Imagen de referencia Foto: ACG

Morelia, Michoacán

Finalmente la fecha ha llegado. Un largo año de espera ha sido necesario. Hoy, decenas, cientos, de familias acuden al Panteón Civil para honrar a sus difuntos, en la fecha en que tienen permitido el retorno temporal para un abrazo más, este 2 de noviembre.

Desde temprana hora, las filas se organizaron a las puertas del camposanto. Armados con flores, principalmente cempaxúchitl; coronas; cruces; papel picado; sillas; alimentos preparados y bebidas; artículos de limpieza, y cubetas, los paseantes empezaron las labores.

Fotos: ACG.

Limpiaron las tumbas, para retirar las flores secas, las telarañas, la maleza y la tierra acumuladas.
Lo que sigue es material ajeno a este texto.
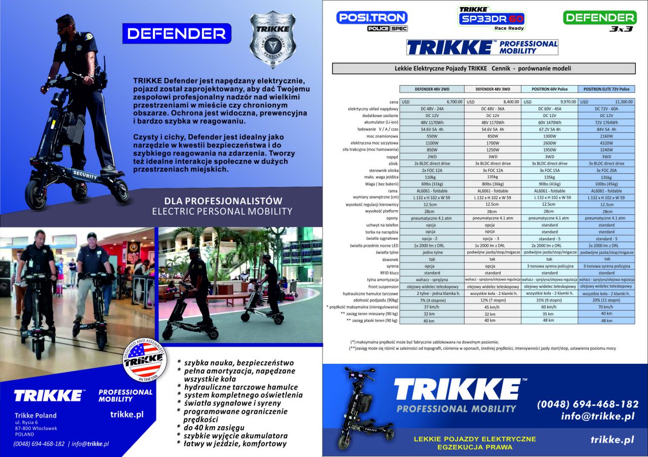 Trikke Poland zapewnia najlepsze na świecie pojazdy mobilności osobistej, które przewodzą transformacji transportu elektrycznego. Te wielozadaniowe, wysoce konfigurowalne pojazdy są produkowane i montowane w USA. Ze specjalnymi właściwościami idealnymi do dojazdów, aktywności fitness, turystyki, bezpieczeństwa, operacji korporacyjnych i wielu innych. Rozległa i rosnąca lista klientów Trikke obejmuje wydziały policji, uczelnie wyższe i uniwersytety, rządy federalne i stanowe, hotele, centra handlowe, lotniska, porty i prywatne firmy z branży obronnej. Każdy z nich używa Trikke, zapewniający najwyższą niezawodność, moc i pozytywny wpływ na środowisko. Aby uzyskać więcej informacji, skontaktuj się z Trikke Poland pod numerem 0048 694 468 182 lub napisz do nas na info@trikke.pl . Aby dowiedzieć się więcej, odwiedź naszą stronę internetową www.trikke.pl

Lavaron y asearon los sepulcros, para enseguida empezar a colocar flores y adornos, velas, veladoras y fotografías familiares.

En algunas lápidas, las familias se hacen acompañar por música, desde alguna grabadora o teléfono celular, o con el apoyo de músicos que aguardan en el exterior del Panteón Municipal para ser contratados. Otros rezan el rosario, para pedir a su divinidad por el descanso del alma de sus seres queridos. Algunos más simplemente permanecen en silencio, en charla muda e íntima.
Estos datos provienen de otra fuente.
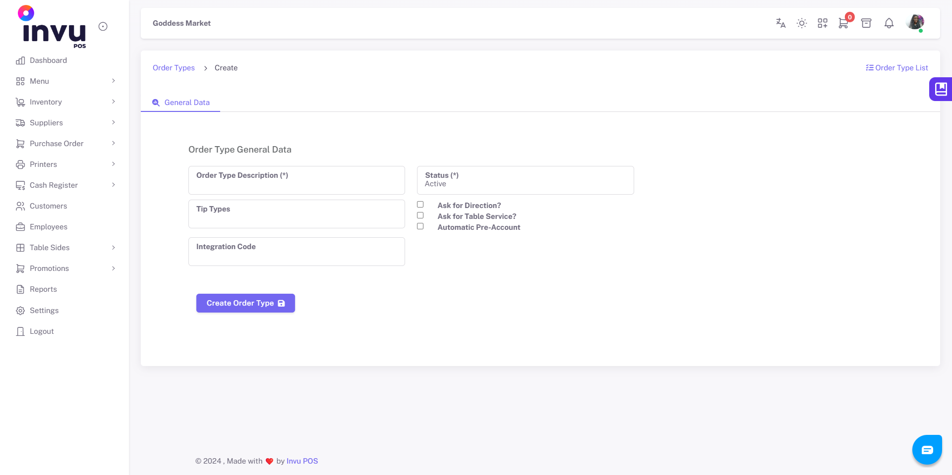 - Ask for Table Service: Indicate if using this type of order will add a table to the order.

El recogimiento no dura mucho. Es momento del reencuentro anual, y los visitantes hacen valer la ocasión. Sacan de sus bolsas y mochilas las carnitas, los tacos, las viandas adquiridas o preparadas en casa que han dispuesto para degustar en compañía de los ausentes.

No se admite el consumo de alcohol, pero eso no impide que impere la algarabía y el ambiente festivo. Es un momento de nostalgia y tristeza, pero se sobreponen a ellas la emoción y la alegría por estar juntos una vez más.

Con pico en mano, Jesús retira la maleza que ha crecido en torno del sepulcro de su padre. Sus pequeños corren alrededor, entre gritos y risas, esperando el momento de platicar con el abuelo. Bajo el sol intenso que se observa en la zona donde reposa su padre, Jesús culmina su labor, y llama a los niños. Los 3, tomados de la mano, inician la charla. Los logros del último año, las cosas nuevas que han acontecido, la llegada de las nuevas mascotas, pero, sobre todo, lo mucho que le extrañan, sale de sus labios.

“Te extraño, papá. Tus nietos también te extrañan. Pronto volveremos”, dice Jesús a su padre, mientras deja algunas flores de colores sobre la lápida donde se inscriben los datos de su ser querido.

A escasos metros, Silvia y su familia están en plena celebración. Los adultos limpian y limpian; los mayores cuidan las pertenencias, y los infantes corren y gritan. Silvia, con una escoba y una cubeta vacía, da indicaciones a quienes recogen la tierra y las flores secas.

“Venimos a ver a mamá. Venimos todos, mis tías, mi papá, que ya son muy mayores, pero no se rajan. También estamos todos los hermanos, los yernos y las nueras, es una de las pocas fechas en que podemos juntarnos. Y los nietos, desde los adolescentes, que nos ayudan a traer agua y tirar la basura, hasta los niños, que solo quieren jugar”, detalla.

Fotos: ACG.

Rezaron el rosario, pero el hambre apremia. De grandes bolsas de mandado, salieron las tortas de jamón, de queso y de frijoles. Todavía está caliente el pan. Se escucha el gas de los refrescos al servirse, y el bote con los chilitos en vinagre pasó de mano en mano.

“Mamá adoraba cuando nos juntamos, así que hacemos el esfuerzo para venir todos y convivir, aquí, con ella. Así mamá podrá descansar tranquila, viendo a su familia unida y feliz”, concluye Silvia.

Finalmente el momento ha llegado. Decenas, cientos de familias ingresan al Panteón Civil para, por unos instantes al año, abrazar una vez más a sus queridos ausentes.